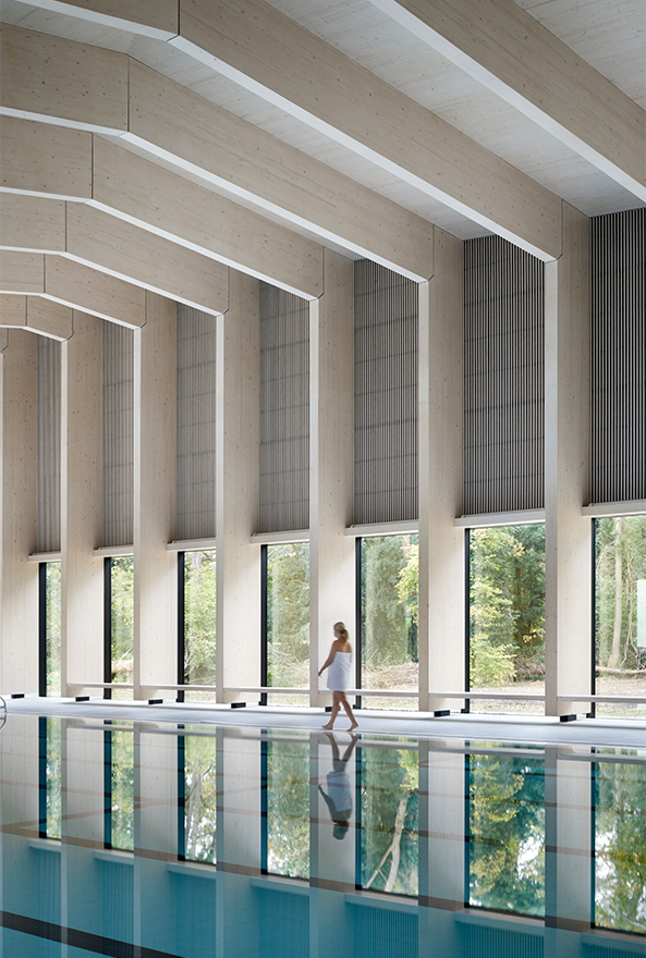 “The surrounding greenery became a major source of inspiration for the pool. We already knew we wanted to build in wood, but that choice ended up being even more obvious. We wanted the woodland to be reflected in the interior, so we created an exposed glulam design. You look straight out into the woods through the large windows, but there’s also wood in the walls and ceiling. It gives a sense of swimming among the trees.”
* * *
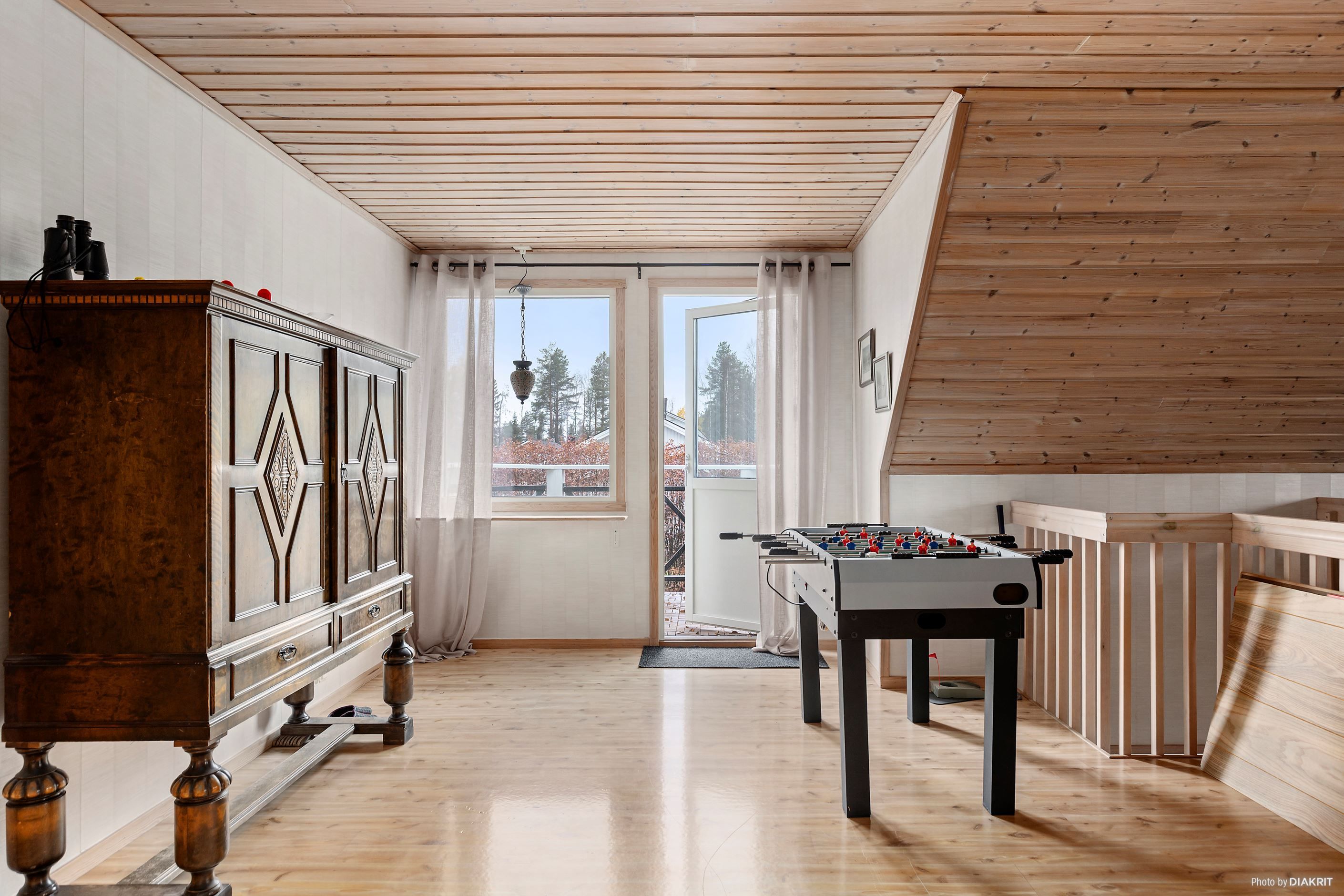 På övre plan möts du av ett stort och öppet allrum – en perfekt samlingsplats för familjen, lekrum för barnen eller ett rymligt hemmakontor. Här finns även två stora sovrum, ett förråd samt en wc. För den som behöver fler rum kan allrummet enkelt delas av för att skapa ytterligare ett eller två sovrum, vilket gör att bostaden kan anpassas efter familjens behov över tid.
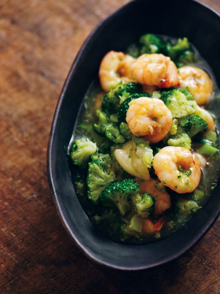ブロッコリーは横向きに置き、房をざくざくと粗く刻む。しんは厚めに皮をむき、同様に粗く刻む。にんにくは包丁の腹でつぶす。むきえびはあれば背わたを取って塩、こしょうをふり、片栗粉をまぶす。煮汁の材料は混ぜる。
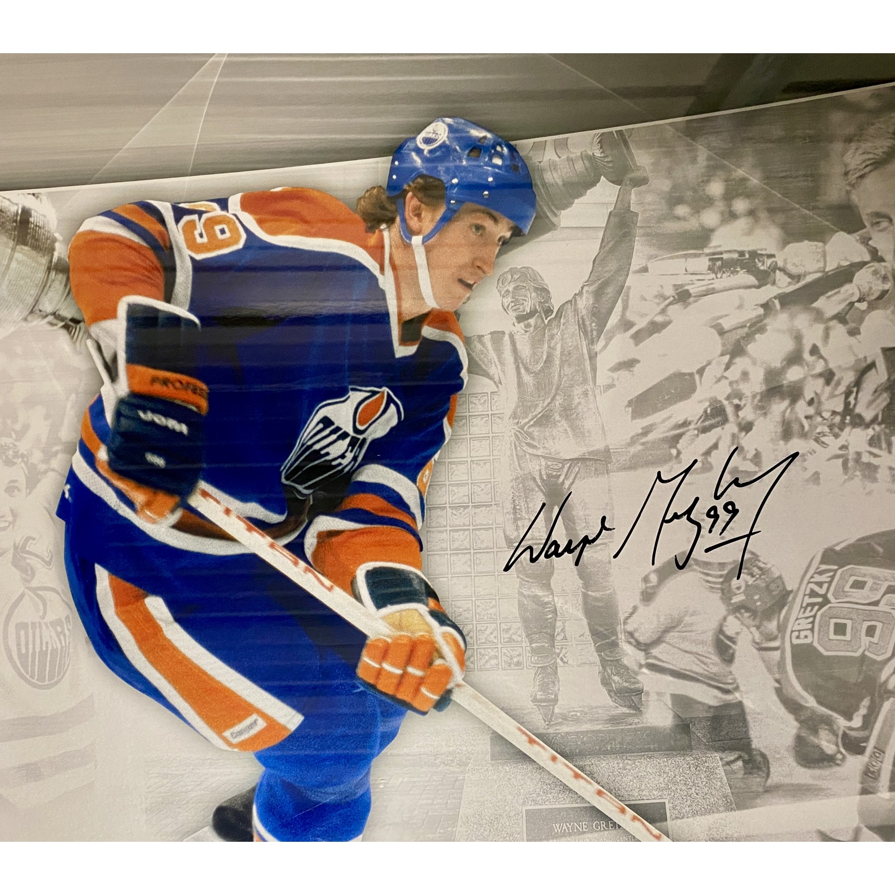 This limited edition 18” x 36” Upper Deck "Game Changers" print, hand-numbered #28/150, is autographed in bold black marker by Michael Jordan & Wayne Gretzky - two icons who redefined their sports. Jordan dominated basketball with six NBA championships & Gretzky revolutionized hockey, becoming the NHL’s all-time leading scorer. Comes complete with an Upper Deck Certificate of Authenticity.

--- Exercise goal ---
Output exactly the lines above, from the line with "ブロッコリーは横向きに置き、" to the line with "This limited edition", both included; skip the pictures.

--- Written response ---
ブロッコリーは横向きに置き、房をざくざくと粗く刻む。しんは厚めに皮をむき、同様に粗く刻む。にんにくは包丁の腹でつぶす。むきえびはあれば背わたを取って塩、こしょうをふり、片栗粉をまぶす。煮汁の材料は混ぜる。
 This limited edition 18” x 36” Upper Deck "Game Changers" print, hand-numbered #28/150, is autographed in bold black marker by Michael Jordan & Wayne Gretzky - two icons who redefined their sports. Jordan dominated basketball with six NBA championships & Gretzky revolutionized hockey, becoming the NHL’s all-time leading scorer. Comes complete with an Upper Deck Certificate of Authenticity.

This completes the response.